Everything in the listing below must be set down again exactly, apart from the pictures.
(Recorded data Opens)
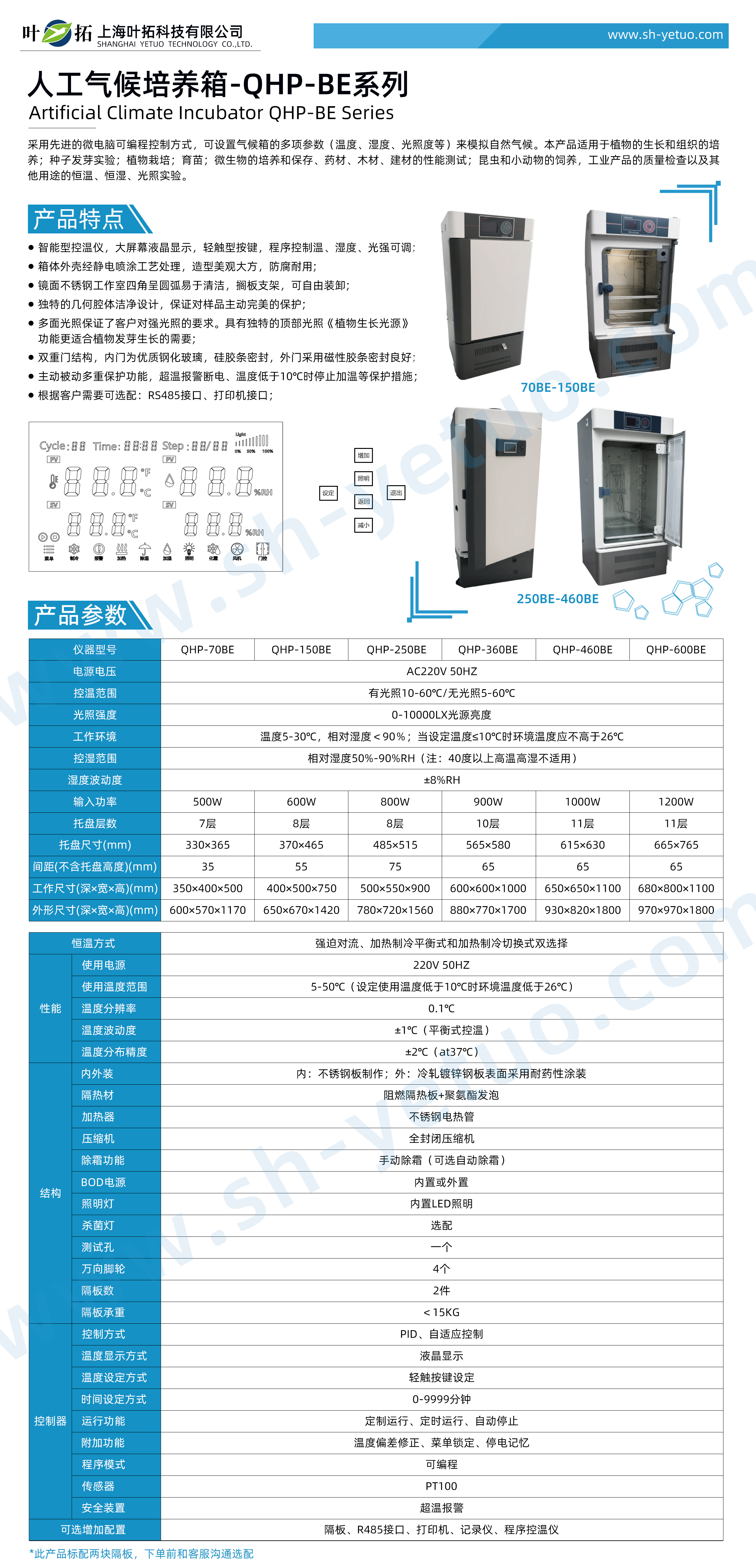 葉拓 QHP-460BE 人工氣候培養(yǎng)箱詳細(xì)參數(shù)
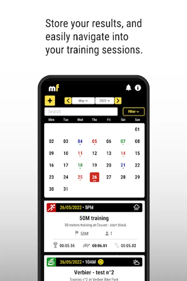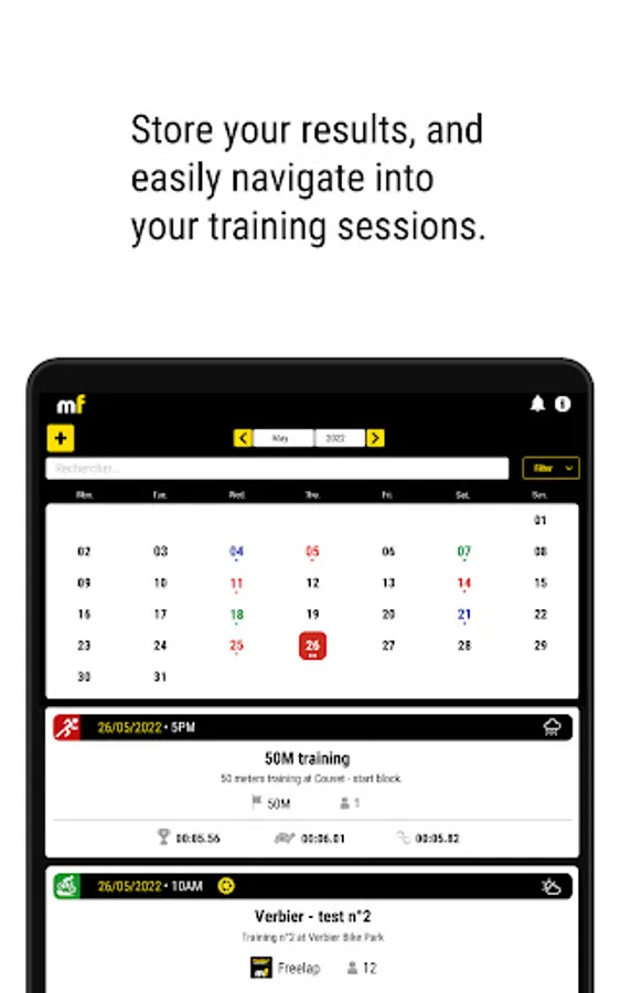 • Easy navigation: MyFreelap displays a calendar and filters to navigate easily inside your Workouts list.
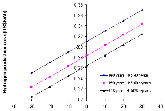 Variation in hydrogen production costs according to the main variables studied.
(Recorded data Closes)
■ Exercise result ■
 葉拓 QHP-460BE 人工氣候培養(yǎng)箱詳細(xì)參數(shù)
 • Easy navigation: MyFreelap displays a calendar and filters to navigate easily inside your Workouts list.
 Variation in hydrogen production costs according to the main variables studied.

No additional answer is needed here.